The students had to practice different kinds of communication for different audiences. Roy said they wrote pages of dense legislative language, the kind that might be put before a governor. They also wrote community-facing language, including a bilingual “know your rights” document in English and Spanish that could be distributed locally. They practiced verbal communication for meetings with legislative aides and for a community civics day showcase, followed by email follow-up.
The work moved students beyond “writing a paper for their teacher” or presenting at the front of class. Because they were working on an issue they cared about, they had a reason to do high-stakes writing, public speaking, advocacy, and follow-through.
Perspective taking was equally procedural.
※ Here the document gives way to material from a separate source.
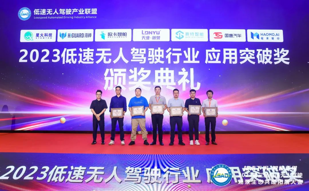 現(xiàn)場舉行了2023低速無人駕駛行業(yè)應(yīng)用突破獎頒獎儀式,星火科技、海神機(jī)器人、歐卡智舶、天津朗譽(yù)、賽特智能、國唐汽車、毫末智行7家企業(yè)獲得殊榮。
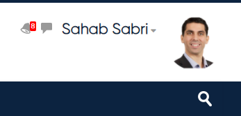 You can access your profile from the user menu at the top right. It's where you see your name and an arrow.

Students preparing for a 15- or 20-minute meeting with a stakeholder need to decide what outcome they are seeking and how to use the time. Students researching an issue need to hear not only from peers who experience the problem, but also from people who hold institutional or opposing perspectives: a local police department, a business improvement district, an elected official, or another decision-maker.
Roy described two classes in rural Oklahoma. One group focused on local homelessness; another focused on street safety. In both cases, students researched local budgets before presenting solutions to officials. The homelessness group developed a staffing idea related to the public works department. The street-safety group proposed placing a stop sign at an intersection near their school. Roy’s emphasis was that the students did not come to officials only with passion. They also came with some understanding of budget constraints and the perspective of the people responsible for public decisions.
That transfers directly into work, Roy argued. A student who can think about a public official’s constraints can also think about what an interviewer is looking for, what a customer needs, what a constituent is experiencing, or what a client sees from the other side of an interaction.
Digital competence and civil disagreement completed the list. Digital competence was defined as using digital tools to navigate the information landscape, communicate, and protect oneself from misuse of those tools. Roy acknowledged that young people often have native facility with digital tools, but she said the media landscape is moving quickly enough that students need explicit support in digital media competence, particularly around civic media.
Civil disagreement, she said, is “no small skill these days,” and young people do not always see adults model it well. Her example came from students in Lawrence, Massachusetts, who initially disagreed about the most pressing concerns in their community. Over several classes, they had to come to consensus on the issue they would pursue. Instead of treating the choice as winner-take-all, they worked to ensure that the class’s different concerns were heard and reflected in the solution.
Families were treated as civic infrastructure, not background support
Family engagement was not presented as a sentimental add-on to school-based civics. Families help shape whether young people understand civic life as something that belongs to them.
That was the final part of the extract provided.